MANKATO — The five colleges and universities in the area have 25,000 students and graduate up to 6,000 each year.
About 20-25 percent of those graduates stay in the area. But surveys of students at the largest institution — Minnesota State University — show about half of all graduates would like to work and live here, but many can’t find jobs.
“This is an opportunity for us to attract businesses who could hire these people,” said Barb Embacher, vice president of Greater Mankato Growth.
About 100 business, civic and education leaders gathered Wednesday at a “ talent symposium” to look at research on what the area supplies in the way of employee talent compared to the number of jobs available to use those talents.
“Places where we have surpluses (in potential employees) we have opportunities,” said Jonathan Zierdt, president of GMG.
Data show, for example, that the area graduates far more accountants and other business majors than can be hired locally each year.
“ That’s where we’d have the opportunity to attract businesses, corporate offices, who need those skills,” Zierdt said. “And those are well-paying jobs.”
An analysis of the supply of graduates compared to the number of jobs available in various sectors produced some surprises for Embacher and Zierdt.
“We’ve been hearing there’s a shortage of nurses across the country and the state,” Embacher said. But figures show that a focus on health education in recent years has led to a surplus in health science graduates.

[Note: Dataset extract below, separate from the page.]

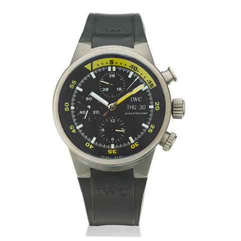IWC Titanium Aquatimer  chronograph. Day-Date.Integrated rubber band with IWC tang. Black and yellow dial with luminous numerals and luminous indices. Case size: 42mm. Automatic movement. Power reserve: 44 hours. Water resistance: 10 ATM. Purchased 2005. Ref: 371918.
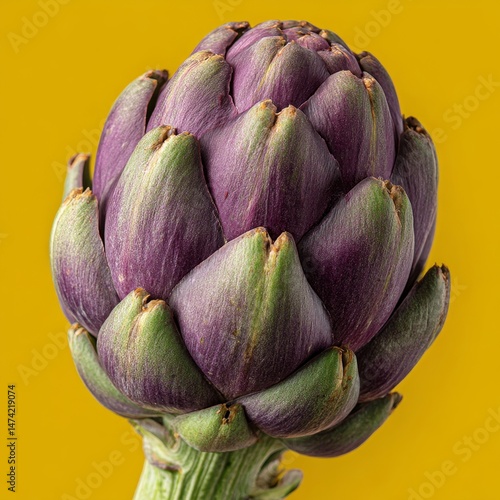 Fototapeta premium Vibrant artichoke, isolated on yellow background, showcasing unique structure...

Still, she noted that demand will likely continue to grow for certain health field graduates, such as those doing in-home care for a growing baby boomer population.
The three areas where there are far more graduates than jobs are in business management and administration; in arts, communications and information systems; and in human services.
Meanwhile, there is more demand than graduates in the agriculture, food and natural resources sector.
Kyle Uphoff, a regional labor market analyst with the state Department of Employment and Economic Development, said local leaders also have to keep an eye on how jobs are changing and how training and education need to change.
“Recessions restructure economies,” he said, noting that some businesses survive but require different skills in employees, new businesses emerge, and other businesses simply disappear.
“While industries change, occupations change, too.
Those new occupations require new skills.”